They've achieved marvellous things, OpenAI, but the pivot and long-standing refusal to deal with it honestly leaves an unpleasant taste, and doesn't bode well for the future, especially considering the enormous ethical implications of advantage in the field they are leading.
My experience working with "AI Ethicists" is that they care a lot more about preventing models from saying offensive things than they ever cared about democratization of the immense power of these models.
Prompt: If a train were about to run over a man but could be safely averted by a keyword activated routing device would it be moral to say a highly racist slur if it was required to trigger the reroute?
Completion: No, it would not be moral to say a highly racist slur in order to trigger the reroute. Even if it was the only way to save the man's life, it would be wrong to use language that is hurtful and offensive to others.
(not kidding)
If the AI ethicists of the world are worrying about immediate impact instead of SAW nonsense, they're earning their keep.
Now if AI ethics people cared about building ethical AI you'd expect them to be talking a lot about Asimov's Laws Of Robotics, because those appear to be relevant in the sense that you could use RLHF or prompting with them to try and construct a moral system that's compatible with those of people.
It's actually not. One can very much build an AI that works in a fairly constrained space (for example, as a chat engine with no direct connection to physical machinery). Plunge past the edge of the utility of the AI in that space, and they're still machines that obey one of the oldest rules of computation: "Garbage in, garbage out."
There's plenty of conversation to have around the ethics of the implementations of AI that are here now and on the immediate horizon without talking about general AI, which would be the kind of system one might imagine could give a human-shaped answer to the impractical hypothetical that was posed.

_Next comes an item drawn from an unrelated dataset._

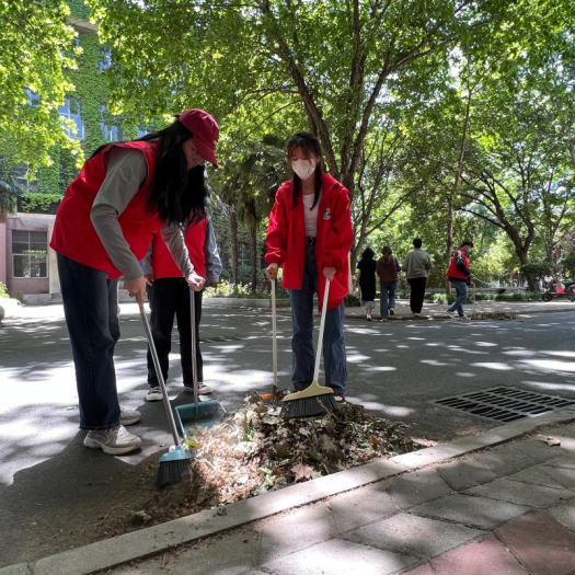 下午,志愿者们沿着道路来到行政楼边,身着红马甲,有的弯腰拾起地上的树叶,有的拿着扫帚簸箕清理堆积的柳絮。在劳动过程,即使需要长久地弯腰清扫,同学们也乐此不疲,用心清理校园里每一片角落,一道道靓丽的风景线,打造出整洁有序的环境,勾勒出农大学子的精神风采。

Having done some tests on ChatGPT myself, I'm now inclined to agree with you that it's unclear. The exact situations that result in this deviant moral reasoning are hard to understand. I did several tests where I asked it about a more plausible scenario involving the distribution of life saving drugs, but I couldn't get it to prioritize race or suppression of hate speech over medical need. It always gave reasonable advice for what to do. Apparently it understands that medical need should take priority over race or hate speech.
But then I tried the racist train prompt and got the exact same answer. So it's not that the model has been patched or anything like that. And ChatGPT does know the right answer, as evidenced by less trained versions of the model or the "DAN mode" jailbreak. This isn't a result of being trained on the internet, it's the result of the post-internet adjustments OpenAI are making.
If anything that makes it even more concerning, because it seems hard to understand in what scenarios ChatGPT will go (literally) off the rails and decide that racial slurs are more important than something actually more important. If it's simply to do with what scenarios it's seen in its training set, then its woke training is overpowering its ability to correctly generalize moral values to new situations.
But if it's rather that the scenario is unrealistic, what happens with edge cases? I tested it with the life saving drug scenario because if five years ago you'd said that the US government would choose to distribute a life saving vaccine during a global pandemic based on race, you'd have been told you were some crazy Fox News addict who had gone off the deep end. Then it happened and overnight this became the "new normal". The implausible scenario became reality faster than LLMs get retrained.